■ Prompt: Retype the opening lines of the listing below, ending with the line that contains "Pamper your pout", and leave out any pictures.

■ Data extracts:
===

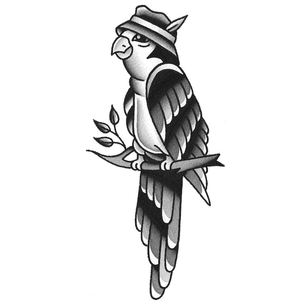 Our temporary tattoo design, the "Fedora Parrot", is a one to one scale transfer of the original hand painted artwork by Tim Hendricks and Javier DeLuna.
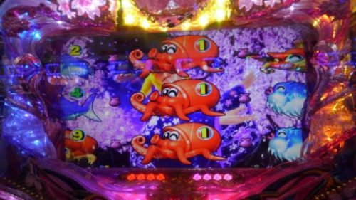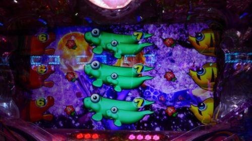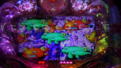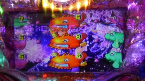 3連目は、ST中の19回転、沖縄モード+「魚群」+マリンリーチ→「ハリセンボン」当たり。
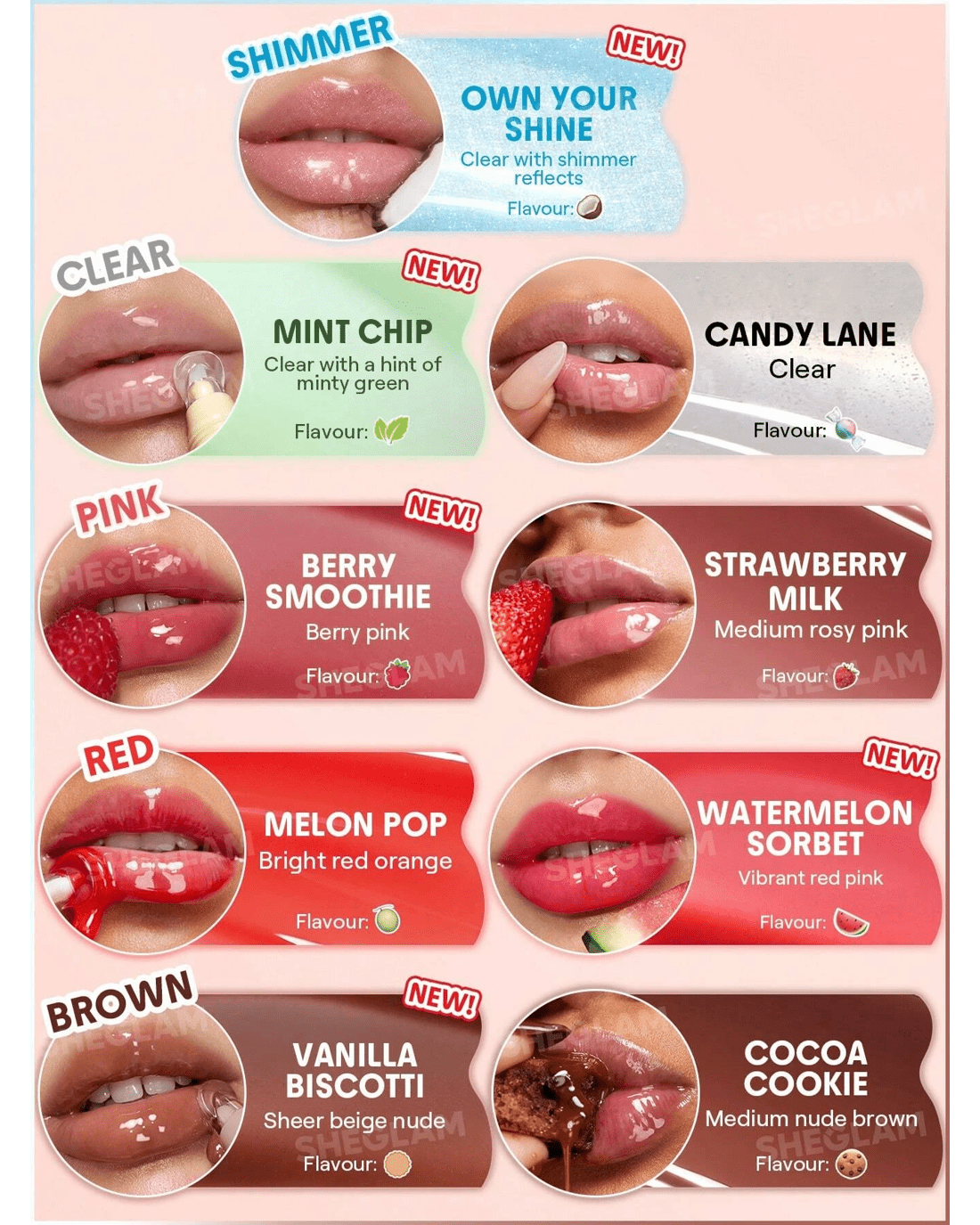 Pamper your pout with a formula that hydrates, shines and smells as sweet as it looks - SHEGLAM Crystal Glaze Moisturising Lip Care is your new daily lip obsession.
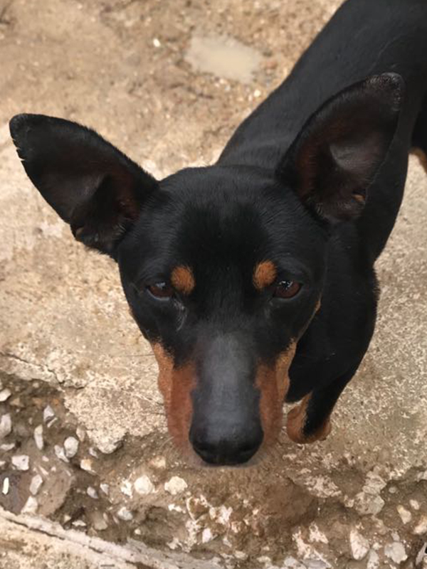 Ein breites Grinsen, überdimensionale Pommestütenohren und stets gute Laune- das ist Jake! Ein Freiwilliger der ArcoNatura wurde auf den kleinen Rüden aufmerksam, der in seiner Nachbarschaft lebte, weil dieser immer schlechter aussah, Fell verlor, schwächer und schwächer wurde und zuletzt vor Schwäche kaum noch stehen konnte. Auf den Zustand des Hundes angesprochen, erwiderte sein Besitzer, dass der ca. 2 Jahre junge (stand 10/ 2016) Pinschermix wohl irgendeine Krankheit hätte, er jedoch weder Geld noch Zeit hätte, den kleinen Kerl behandeln zu lassen. Für Jake war es bereits “Fünf vor zwölf”, als er von den Mitarbeitern des Tierheimes zu Montse in die Klinik gebracht wurde. Dort stand leider schnell fest: Jake ist Leishmaniose- positiv, was auch das fehlende Fell und den schlechten Zustand des lustigen Rüden erklärte. Dennoch hatte unser kleiner Herzensbrecher Glück im Unglück: er sprach hervorragend auf die medikamentöse Behandlung an und wie sie auf den Fotos sehen können, ist auch sein schickes schwarzes Haarkleid bereits nachgewachsen. Falls Sie sich bis zu diesem Punkt für Jake interessierten und nun drauf und dran sind, ihn aufgrund seiner Erkrankung als neues Familienmitglied auszuschließen, zögern sie bitte nicht, seine Vermittlerin über Leishmaniose und deren Behandlung zu befragen. Viele Hunde leben auch mit einem positiven Testergebnis genauso gut wie ein “gesunder” Hund- die Kosten für die Behandlung mit Allopurinol bewegen sich im Centbereich.Jake hat sich im Tierheim innerhalb kürzester Zeit zu einem der Lieblinge der Mitarbeiter gemausert. Der mittlerweile äußerst hübsche Kerl ist extrem anhänglich und möchte am liebsten den ganzen Tag gestreichelt werden. Leider ist hierfür im stressigen Tierheim- Alltag kaum Zeit, daher leidet Jake unter der Situation, nur einer von vielen zu sein. Bereits jetzt zeigt sich, dass er ein eher unterwürfiger und ruhiger Zeitgenosse ist, er möchte gefallen und alles richtig machen. Mit seinen Artgenossen ist der unkomplizierte Schatz absolut verträglich, geht Streitereien aus dem Weg und ist sehr harmoniebedürftig.Wir suchen für unseren ungeschliffenen Diamanten ganz besondere Menschen, die bereit sind, einem Hund mit Handicap die Chance zu geben, der glücklichste Sofabesetzer der Welt zu werden. Unser schöner Prinz hat es verdient, endlich geliebt zu werden und seiner Familie dafür alles zu geben, was er hat: sein riesengroßes Herz. Na, überzeugt? Dann nichts wie ran an die Tasten! Jakes Vermittlerin freut sich schon auf Ihre Anfrage.
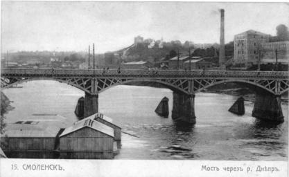 Keywords: The bridge across the Dnieper River in Smolensk and Volkov tower.jpg en The bridge across the Dnieper River in Smolensk now destroyed Right on the other side of the tower is visible Volkov Smolensk fortress wall ru ост че ез Днеп в Смоленске ныне уничтожен остались уины Сп ава на д угом бе егу видна Волкова башня Смоленской к епостной стены О игинальная отк ытка е установлены До 1917 года PD-RusEmpire 20th-century postcards of Russia Postcards of Smolensk Dnieper River in Smolensk
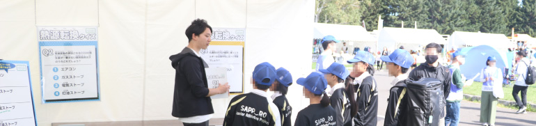 札幌市の住宅が使うエネルギーの特徴や暖房器具別のCO2排出量などについてクイズで楽しく学習しました。
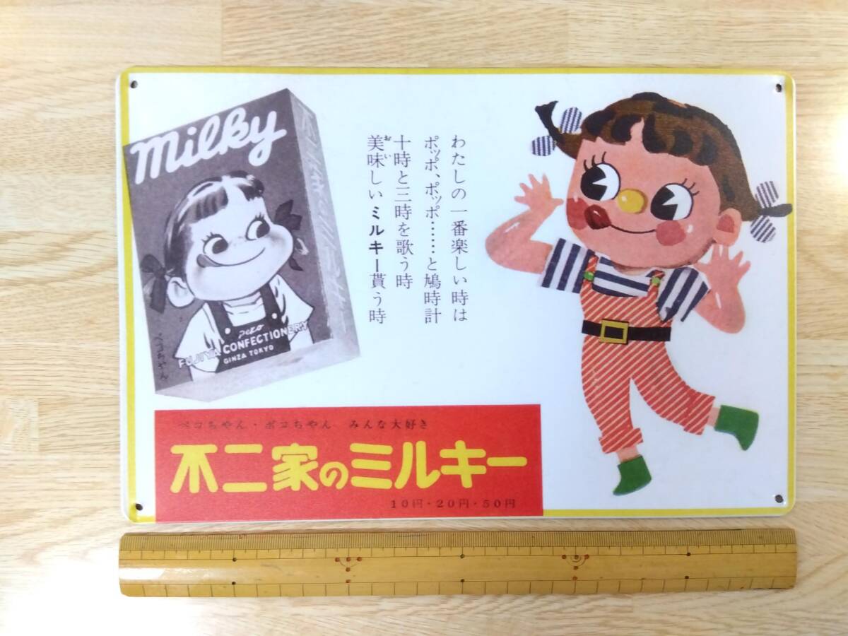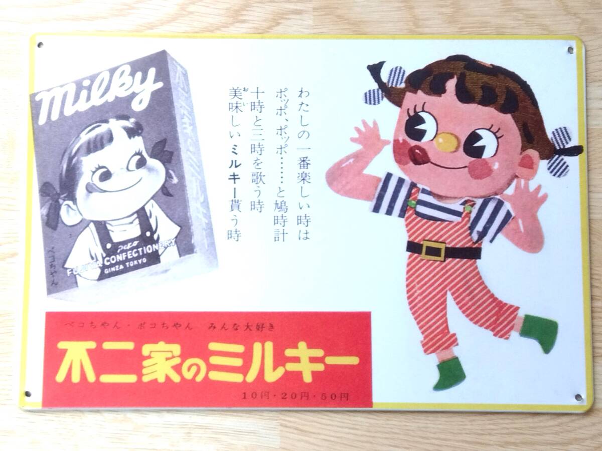 不二家FUJIYA Pekoちゃんのレトロ風ブリキの看板です。オークションで購入したUsed品です。不要になったので手放します。古さを出すために表面を汚していますのでご了承頂ける方のみご入札をお願いします。当時の物ではありませんがお部屋やお店のアクセントにいかがでしょうか。
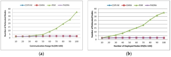 The average number of relocated nodes during the restoration with different and DN is shown in Figure 12a,b. As mentioned earlier, the plotted results are the average over multiple independent simulations. The two figures indicate that CSFR-M, DARA and PADRA need almost the same nodes in the recovery, and the number of reposition nodes is fewer than RIM since RIM requires all neighbors of the failed node to move. Obviously, the number of relocated nodes in RIM will increase when the values of and DN grow because the number of neighbors of each node increases. However, the number of relocated nodes almost remains unchanged with different and DN. This will contribute to the candidate selection measure. Since the node with the minimum number of 1-hop neighbors is preferred, the number of relocated nodes will always be minimum with different and DN.
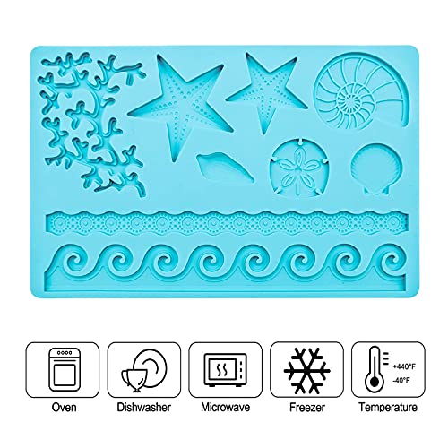 Stampi in Silicone Seashell Stampi in Silicone Fondente Animali Marini Stampi in Silicone a Forma di Conchiglia di Stella Marina per Decorare Torte di Compleanno, Cioccolato, Caramelle, Biscotti—Blu
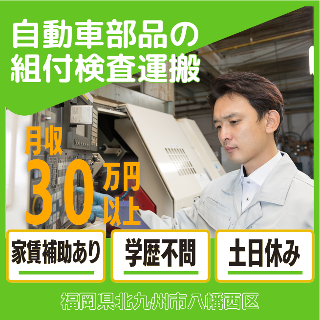 総支給例:30万以上可(1,500円×8H×20日+残業1,875円×10H+休出1,875円×1日+深夜375円×50H+交通費) 交通費 支給あり 応募の流れ 本ページ内<応募する>ボタンより、必要項目をご入力の上、ご応募ください。 勤務地 【勤務地】福岡県北九州市八幡西区本城5丁目 勤務時間 【勤務地】8:40~17:25
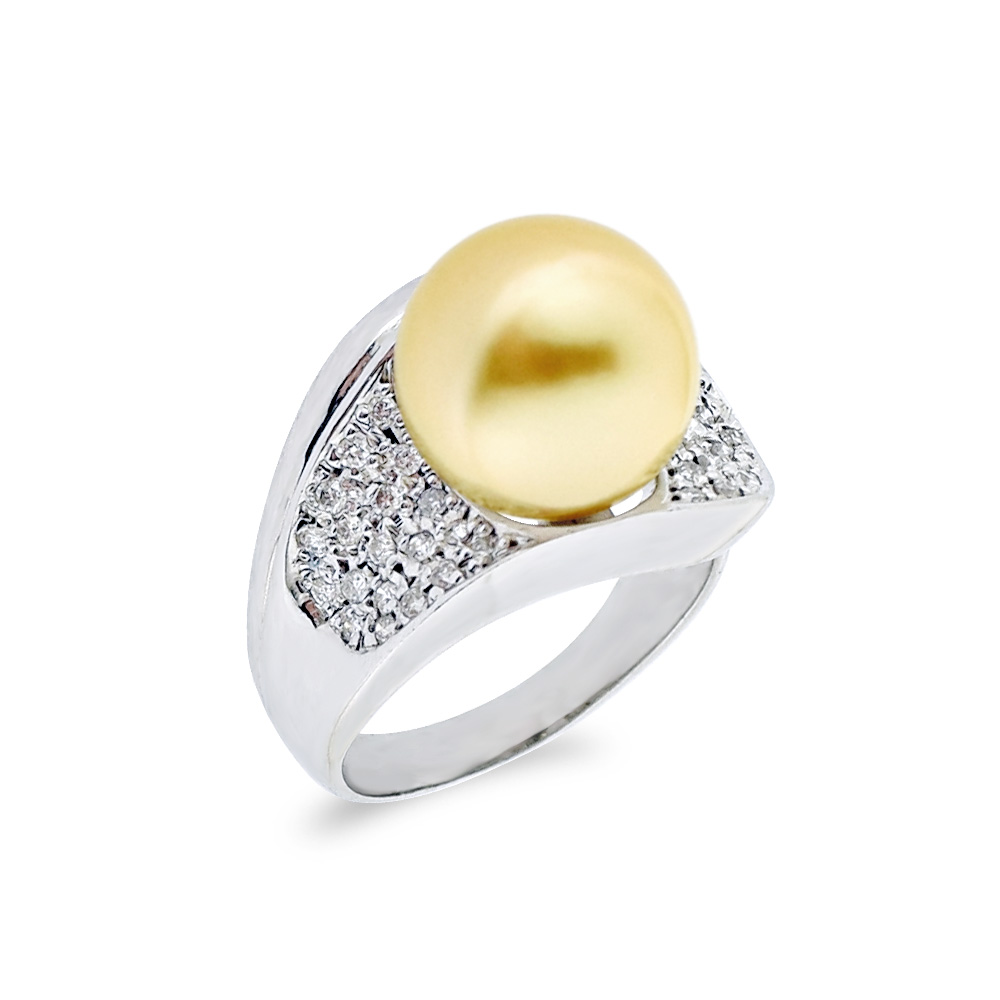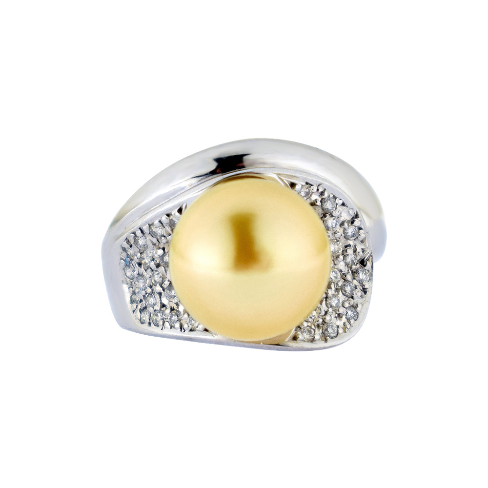 • Ένα υπέροχο δαχτυλίδι με ένα σπάνιο και εντυπωσιακό φυσικό Gold μαργαριτάρι South Sea Indonesia, σε σχήμα Round (στρόγγυλο) άριστης ποιότητας, διαμέτρου 11,5 χιλιοστών και βάρους 0,56 MOMME.
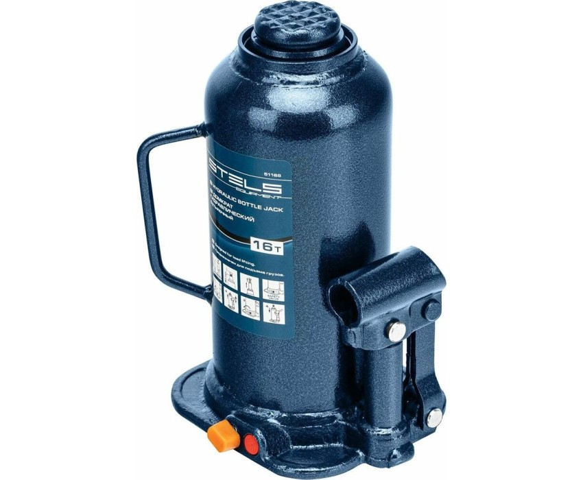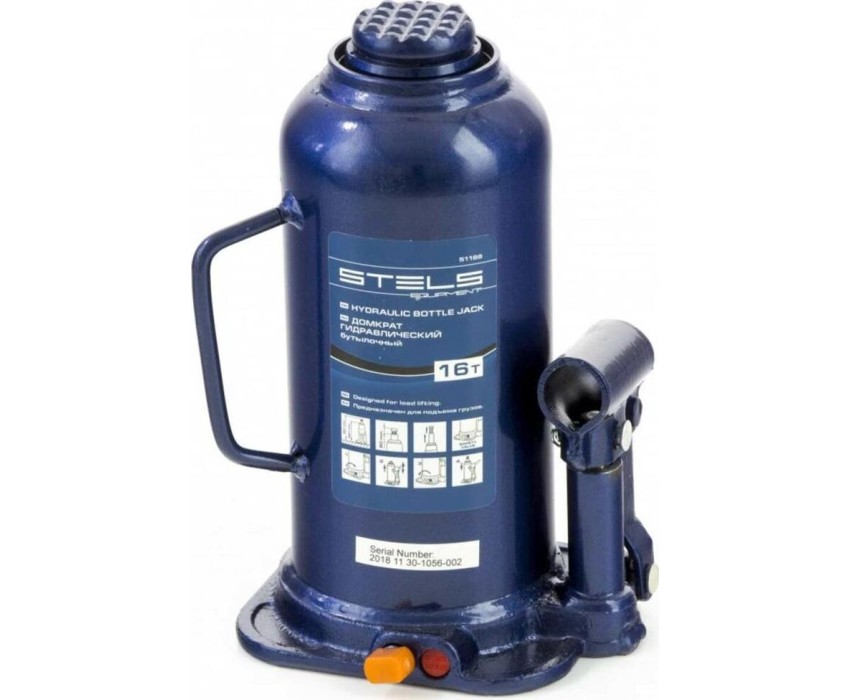Гидравлический бутылочный домкрат Stels 51168 применяется для быстрого поднятия грузов весом до 16 т на высоту 227-457 мм. Оптимален для автомобилей с большим клиренсом. Домкрат будет полезен автолюбителям и профессионалам для ремонта транспортного средства.ПреимуществаБезопасная эксплуатация — благодаря предохранительному клапану домкрат не поднимает грузы тяжелее 16 т.Прочность и долговечность — корпус выполнен из коррозионностойкой стали.Надежная конструкция — домкрат не имеет резьбовых соединений, т.к. корпус приварен к станине.
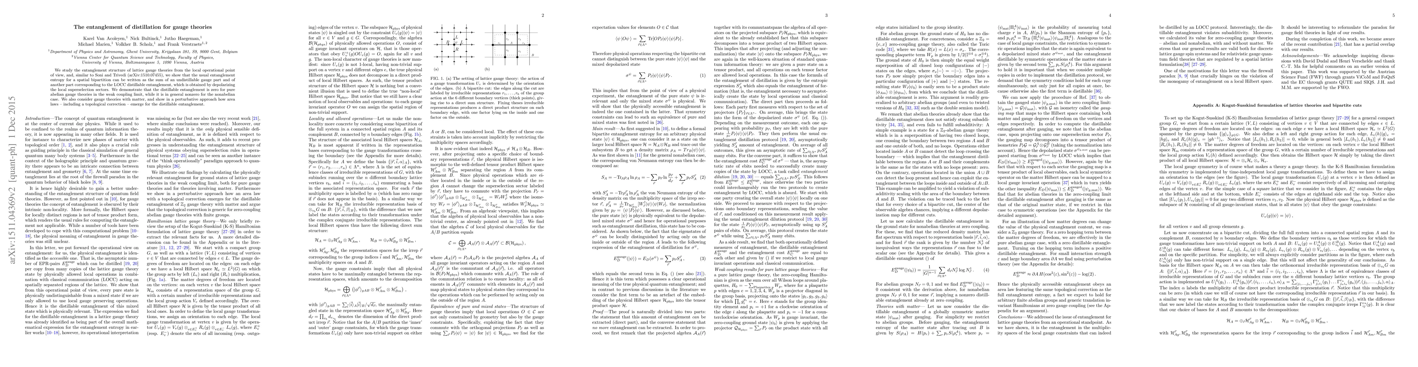 This paper investigates the entanglement structure in lattice gauge theories, revealing that entanglement entropy comprises an undistillable gauge part and a distillable part obtained via local operations. It finds that distillable entanglement is zero for abelian gauge theories but generally nonzero for nonabelian ones, and demonstrates how area laws emerge in gauge theories with matter.
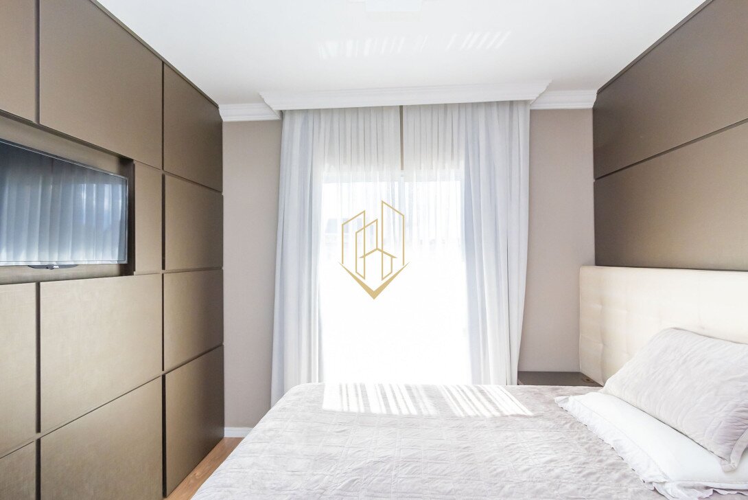 Contendo 188,97 m² de área privativa, distribuídos em quatro pavimentos, face oeste com ótima insolação e ventilação natural, móveis planejados em todos os ambientes, piso porcelanato na sala, cozinha e espaço gourmet, piso laminado nos dormitórios e ático, teto com sancas em gesso, fachada com pintura em grafiato e portão eletrônico.
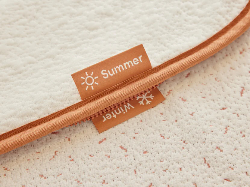 リバーシブル仕様の夏冬2WAYカバーは、ファスナーを開いてひっくり返すだけで切り替え可能。
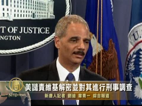 【新唐人2010年11月30日訊】星期一(11月29日),美國國務卿希拉里•克林頓和司法部長埃里克•霍爾德都對維基解密泄密事件提出強烈譴責。霍爾德還表示,正在對維基解密(WikiLeaks)此次事件進行密集調查。任何觸犯法律的人,將需要承擔責任。
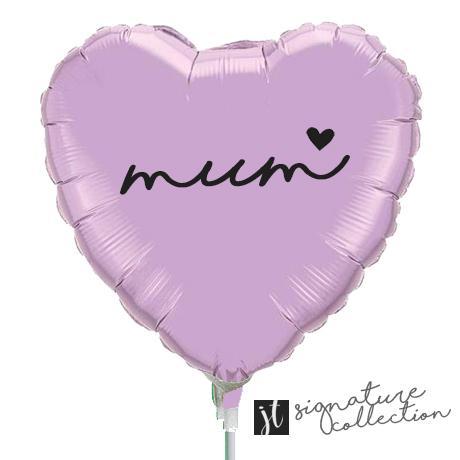 22cm Mum Script Heart Pearl Lavender Foil Balloon #JT1025 (Inflated, supplied air-filled on stick)
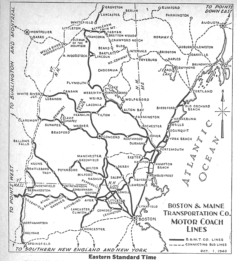 Formed 1924 as bus subsidiary of Boston & Maine Railroad, from 1952 to 1957 was Trailways member, sold 1957 to Transcontinental Bus System/Continental Trailways.

===

■ Result of this exercise:
 Our temporary tattoo design, the "Fedora Parrot", is a one to one scale transfer of the original hand painted artwork by Tim Hendricks and Javier DeLuna.
 3連目は、ST中の19回転、沖縄モード+「魚群」+マリンリーチ→「ハリセンボン」当たり。
 Pamper your pout with a formula that hydrates, shines and smells as sweet as it looks - SHEGLAM Crystal Glaze Moisturising Lip Care is your new daily lip obsession.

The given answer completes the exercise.